# air compressor



## justtired (Jun 18, 2006)

what is the typical horse power and scfm for air compressor to suppy enough air for a air gun, air rachet, and a impact wrench. doesn't have to supply for all three at a time. i believe belt driven is better than direct drive. what brand of air compressor do u guys have? snap on air compressor is way expensive, i saw one at my school. i think i'll get either a craftsman or a husky. any advices? thanks in advance.


----------



## Big Dave (May 17, 2006)

Your air ratchet and impact gun are going to require the most air. Air usage is described as CFM. Look up what CFM usage your impact and ratchet require and then purchase a compressor that will put out that much CFM or more. I would at least buy a compressor with a 20 gallon tank or bigger otherwise during heavy usage it will run constantly. Definately go with a oil lubricated pump.

The nail gun just uses air in short burst and does not require any CFM per say. I have a Grizzly 4 gallon compressor and a Dewalt 6 gallon but all I use them for is nail guns and the occasional tire.

Hope this helps, Dave.


----------



## Tommy Plumb (Oct 7, 2006)

You're 100% right in going for a belt driven compressor. The oil-less ones are louder and won't last a fifth of the time a belt driven one will.

As for brands Ingersol Rand is the best in my opinion, and Campell Housefield (I can't spell btw) is another reputable company. I believe Husky compressors are actually Campell Housefield. I'm not sure who makes the Craftsman.

As far as size and power go; Are you going with 110v or a 220v? Does it need to be portable? 

I have a 110v/220v (wired for 110v now) 2hp 22 gallon Matco compressor that's the better part of 30 years old I picked up at a swap meet for $150 and runs great. I run my impact, air ratchets, air file, grinder, paint gun, and everything else off it. I do have to let it catch up pretty often though. 
I'd use a 110 20 gallon 1.5hp as a minimum for working with air tools. You're going to have to let it catch up every once in a while like I do but it will get the job done.

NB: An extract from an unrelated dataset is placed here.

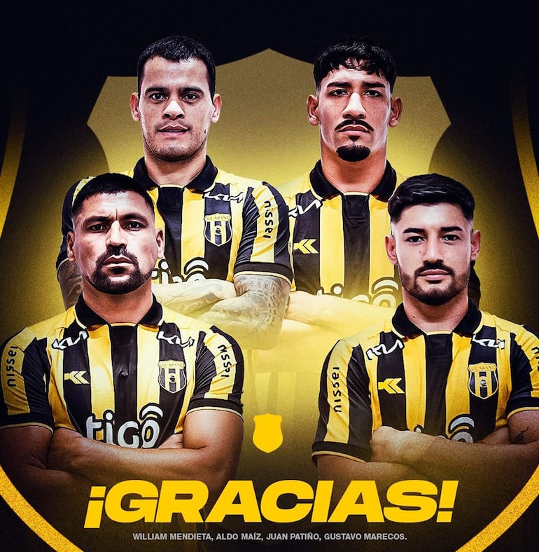 De acuerdo a la comunicación hecha por Guaraní, los que se marchan de la Toldería aurinegra son Juan Gabriel Patiño (36 años), William Gabriel Mendieta (36), Aldo Agustín Maíz (25) y Gustavo Alexis Marecos (24).
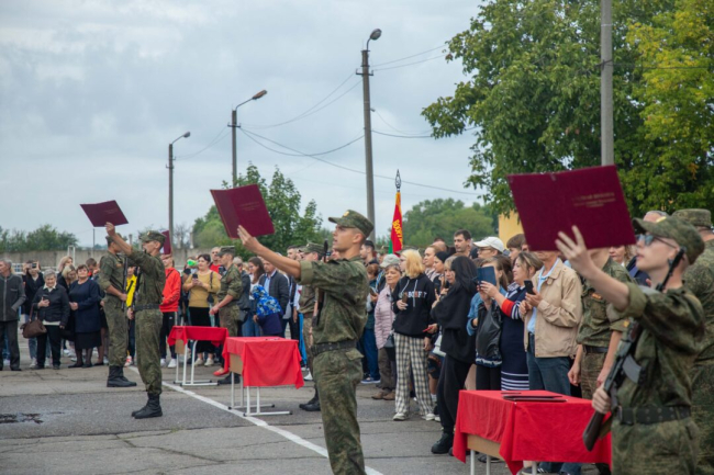 Тирасполь, 10 сентября. /Новости Приднестровья/. Новобранцы Тираспольского гарнизона приняли Военную присягу. Торжественная церемония прошла в одной из воинских частей. Поддержать молодых солдат пришли родные, близкие и друзья, сообщает пресс-служба Минобороны ПМР.

If you have the extra money go to a 2hp motor and a larger tank, if you have a little more money and a 220v receptical go to a 220 machine,


----------



## cat44 (Oct 13, 2006)

Might be a little late here since its been a month, but I have a craftsman(made by DeVilbiss, now owned by B&D) 33 gal (1.7 HP) oiless and 4 gal makita oil lube compressor. The craftsman stays put in the garage and I can run anything on it (impact gun, rachet, rotary sander, hplv gun, etc.) The only thing it will not keep up with is the spray gun when spraying large areas. I can use the impact gun to get all 4 tires off my car before it needs to cycle. The makita is portable, but will only run my air nailers. It's definitely better to run a oil lube because of the noise and life span. Just my 2 cents.


----------